The content path of a GitHub Repisitory object is handled with the query string "p". This can be either the file name you wish to download (e.g. DownloadFile.ashx?o=dscoduc&r=PowerShellScripts&p=GetDCNetInfo.ps1) or the name of a folder within the Repository (e.g. User.aspx?o=dscoduc&r=PowerShellScripts&p=TestFolder)
This DownloadFile.ashx page is a dynamic page that is used to process the request for a file from the GitHub repository specified in the query strings.
This page requires the owner, repository, and path query string variables to be populated - calling this page without providing a complete query string variable list will result in the page displaying a "File not found" error message.
When the DownloadFile.ashx page is requested the web server will perform the following steps:
- Download the requested script file from GitHub to the ~/App_Data/ folder into a random temporary file name.
- Insert/replace a header on the temporary file that includes the name of the authenticated user (used for auditing who requested the signed script)
- Call PowerShell to sign the temporary file using the available signing certificate
- Serve the signed PowerShell script file to the web user
- Delete the temporary file from the ~/App_Data/ folder
This section outlines the settings within the web.config file.
This entry defines the url path to GitHub api address for your environment (omitting the https://).

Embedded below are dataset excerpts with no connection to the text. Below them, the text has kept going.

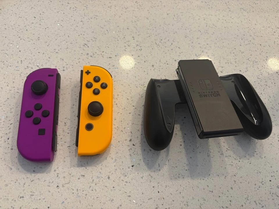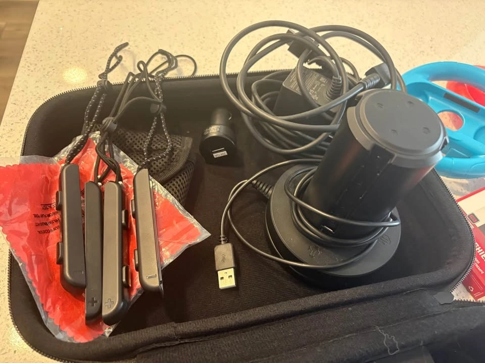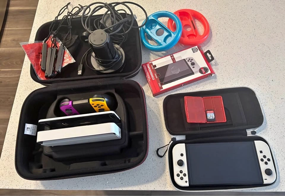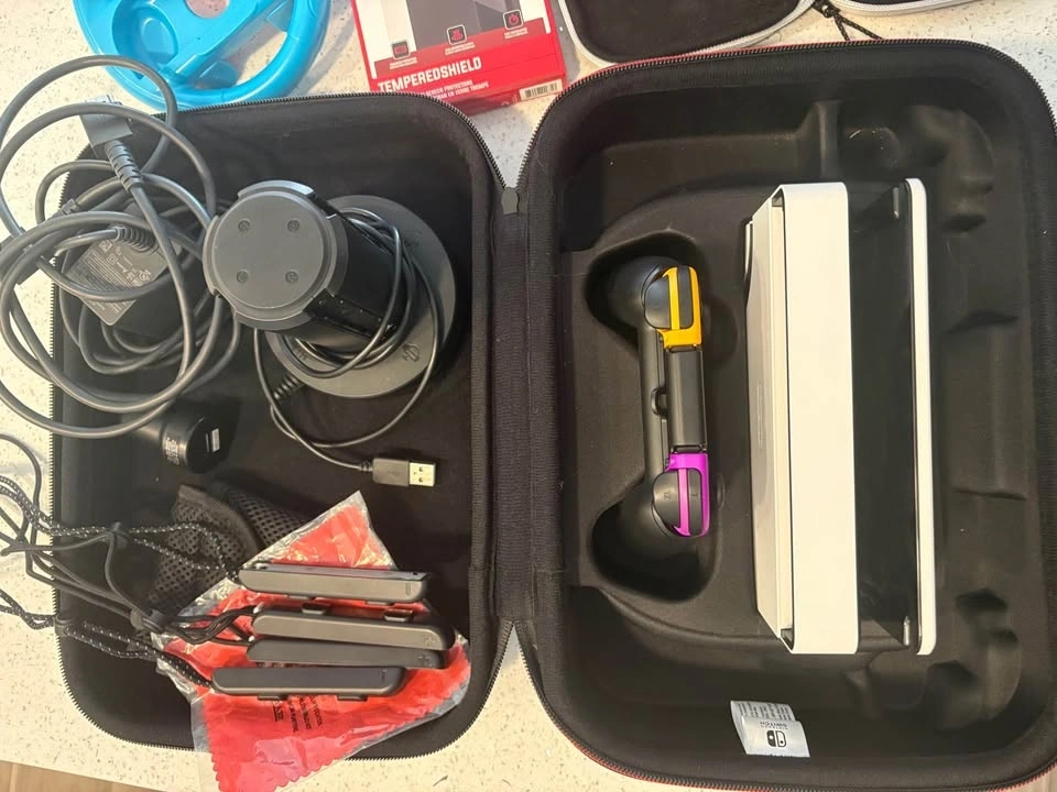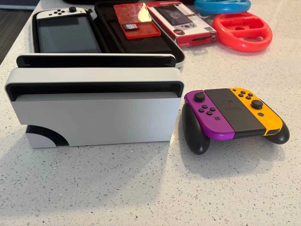 This bundle comes with an OLED Switch in very good condition. There's a very tiny scratch on the back but no other imperfections. It has a screen protector on it now and comes with a new one. Includes: Rocketfish Joy-Con Charging Station, Joy-Con controllers in Neon Purple and Neon Orange, 256GB SD card, travel case, game storage, 1 game, large storage case, wheel controllers, microfibre cloth, and all cables. Asking $425 or best offer.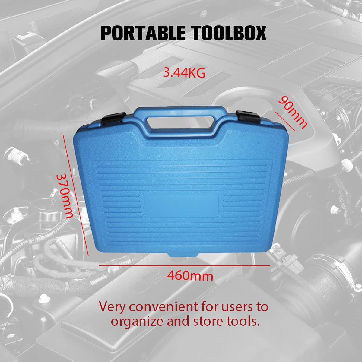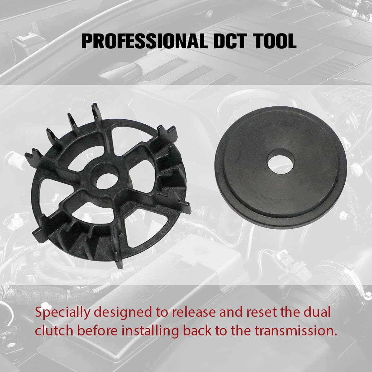 Herramienta removedora e instaladora de transmisión de embrague doble CMTOOL compatible con Ford Focus DCT. Esta herramienta es ideal para reutilizar el conjunto de embrague doble removido o previamente instalado en tu vehículo. Hecha de acero resistente y duradero, esta herramienta es perfectamente compatible con la transmisión de embrague doble DPS6 de Ford Focus. La superficie de la herramienta está fosfatada para prevenir el óxido y garantizar una vida útil prolongada. Su uso es sencillo, solo instala la herramienta especial y presiona el eje de entrada firmemente, luego gira la barra roscada 20 veces. El set de herramientas DCT viene con un estuche organizador para un almacenamiento conveniente. Además, ofrecemos una garantía de 12 meses para este kit, para que puedas comprar con confianza. Si tienes alguna pregunta, nuestro equipo técnico estará encantado de ayudarte en un plazo de 24 horas.
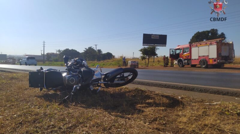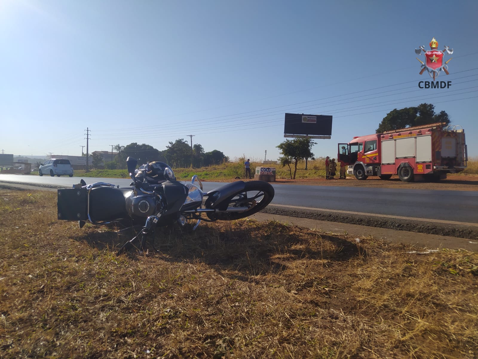 Um motociclista sofreu ferimentos em um acidente que envolveu a moto que ele conduzia, um ônibus e um caminhão na BR 020. O acidente ocorreu na Estância Mestre D´Armas, próximo ao Atacadão Dia a Dia, região de Planaltina.
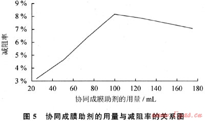 3.1.3協(xié)同成膜助劑的用量與減阻率的關(guān)系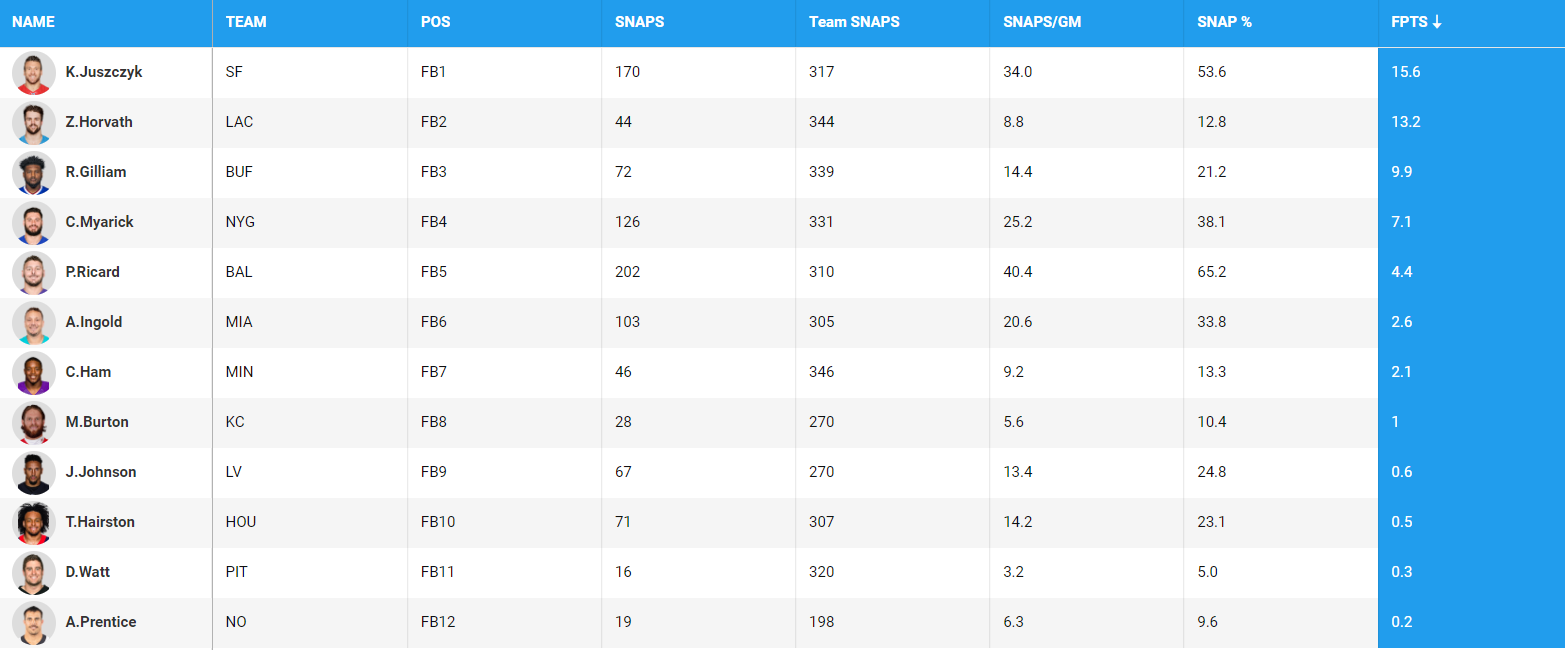 The total number of plays in which a running back took part in a particular week is shown by snap counts. In all other respects, a greater snap count is preferred since it shows that the player has more chances to rack up numbers.

For the Internet GitHub the setting for this entry would be api.github.com. For an Enterprise GitHub the path would be hostname/api/v3/
Default value = "api.github.com"
This entry defines the authentication token used to connect to the GitHub repository.

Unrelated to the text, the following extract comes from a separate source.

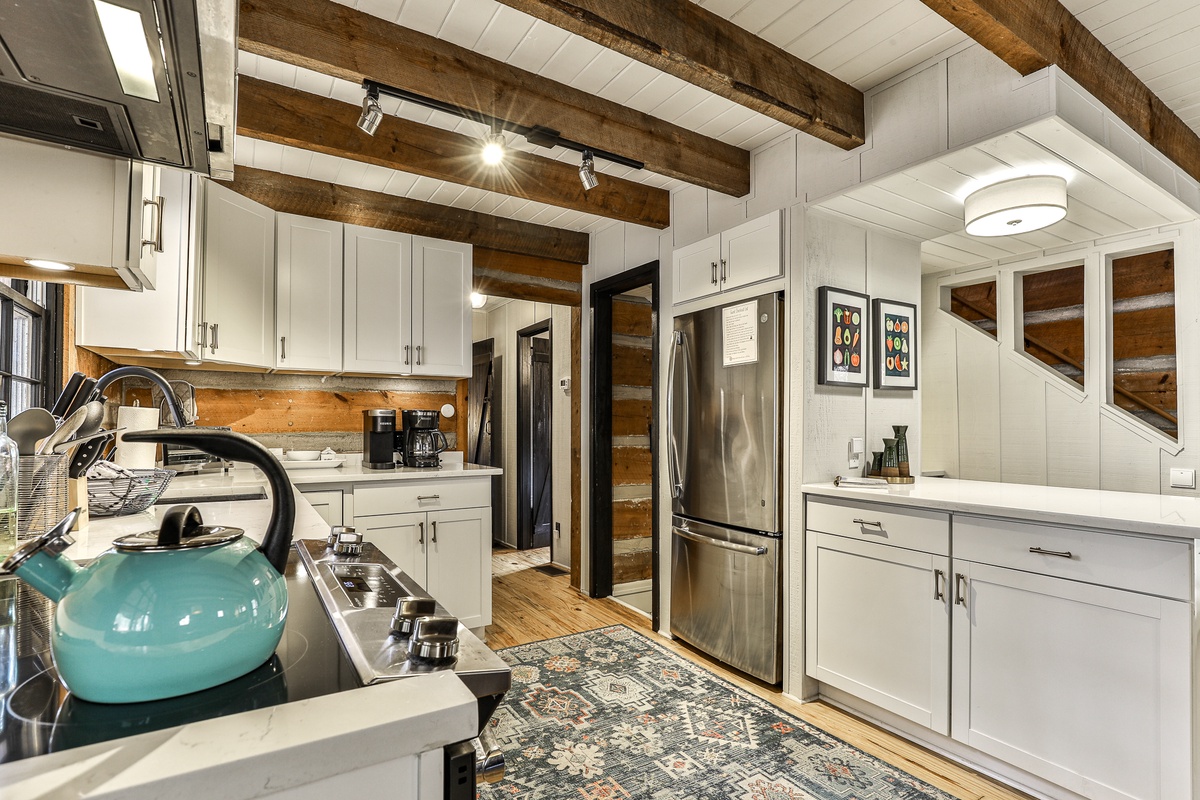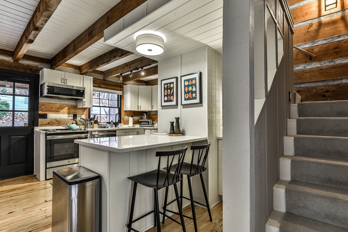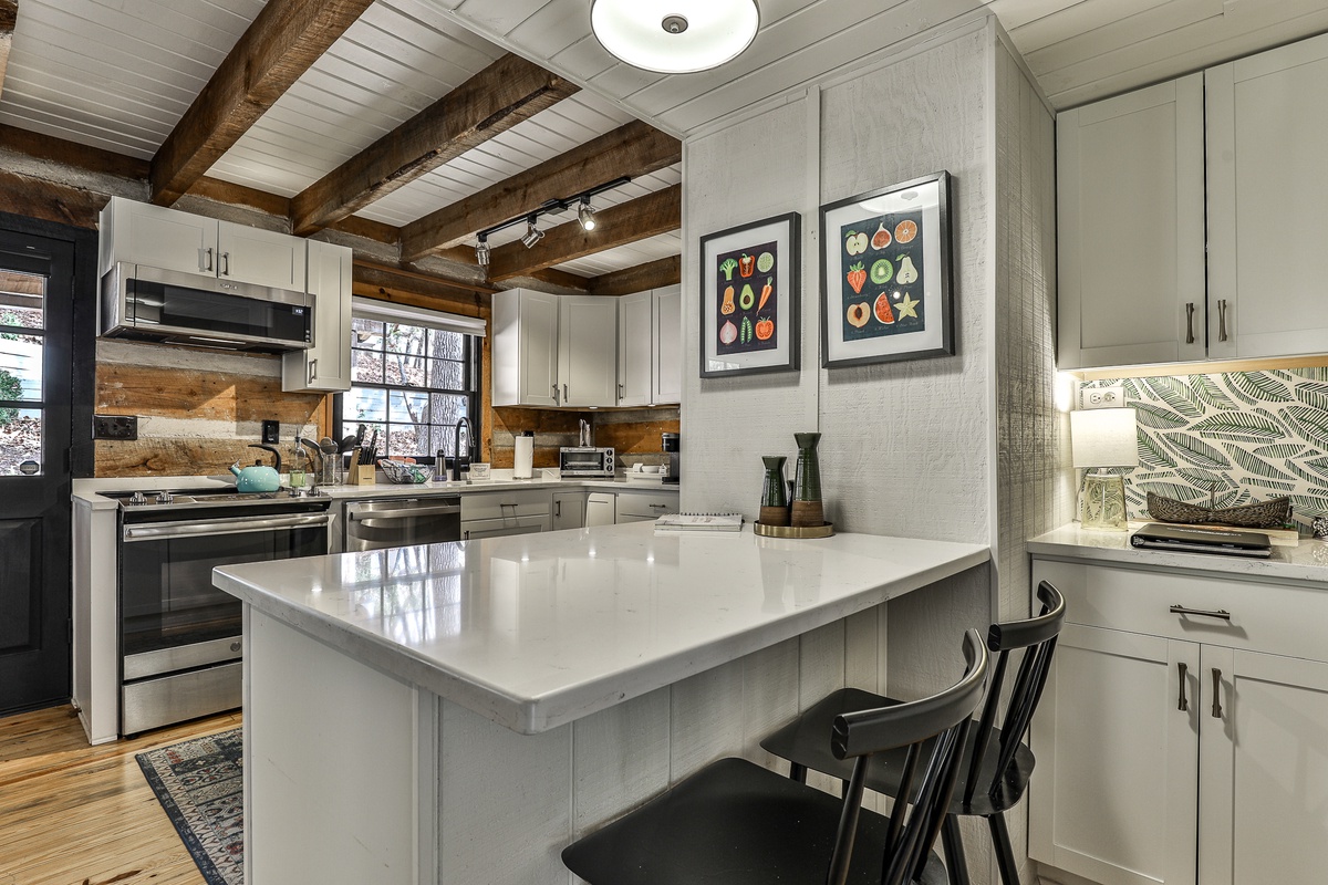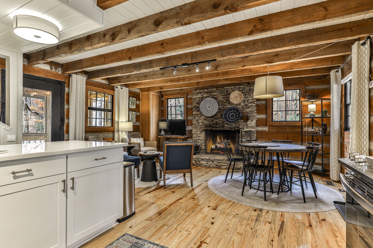 The newly renovated open-plan kitchen is well-appointed for preparing meals, coffee, or snacks. The dining table seats five and overlooks the stacked stone fireplace and hearth of the living room.

If access to your GitHub server is resricted to authenticated users then an auth_token is required for this solution to work correctly.
Default value = ""
This entry defines the title displayed on the web pages.
Default value = "PowerShell Online Signing"
This entry defines the default repository owner for home page link
Default value = "dscoduc"
This entry defines the default repository name for home page link. If the entry is blank then the home page link will redirect to the default_owners list of repositories.
Default value = ""
This entry defines how long in minutes the response date from the server web requests to GitHub should remain in cache.
Default value = "30"
This entry provides the ability to set a custom user-agent provided by the web server to GitHub when peforming a web request. GitHub requires a user_agent value though it doesn't care what is provided.
Default value = "curl/7.43.0"
This entry defines which files in a repository will be displayed to the web user. This soluton can only sign PowerShell scripts so the default value is to only show .PS1 files.
Default value = "^.+.((ps1)|(ps1))$"
More information about the query string variable structure can be found in this section.
- Owner
- Syntax: ?o={ owner login ID }
- Example: User.aspx?o=dscoduc
- Available on User.aspx and DownloadFile.ashx
- Repository
- Syntax: &r={ repository name }
- Example: User.aspx?o=dscoduc&r=PowerShellScripts
- Requires Owner variable
- Avaialble on User.aspx and DownloadFile.ashx
- Path
- Syntax: ?p={ content path }
- Example: User.aspx?o=dscoduc&r=PowerShellScripts&p=SubFolder
- Example: DownloadFile.aspx?o=dscoduc&r=PowerShellScripts&p=myScript.ps1
- Requires Owner and Repository variable
- Search Criteria
- Syntax: ?s={ search criteria }
- Example: ?s=dsco
- Availale in Search.aspx
To assist in the handling of JSON responses coming from GitHub this solution relies on the Newtonsoft Json v7.0.1 framework. This allows a quick translation from JSON to a C# object class.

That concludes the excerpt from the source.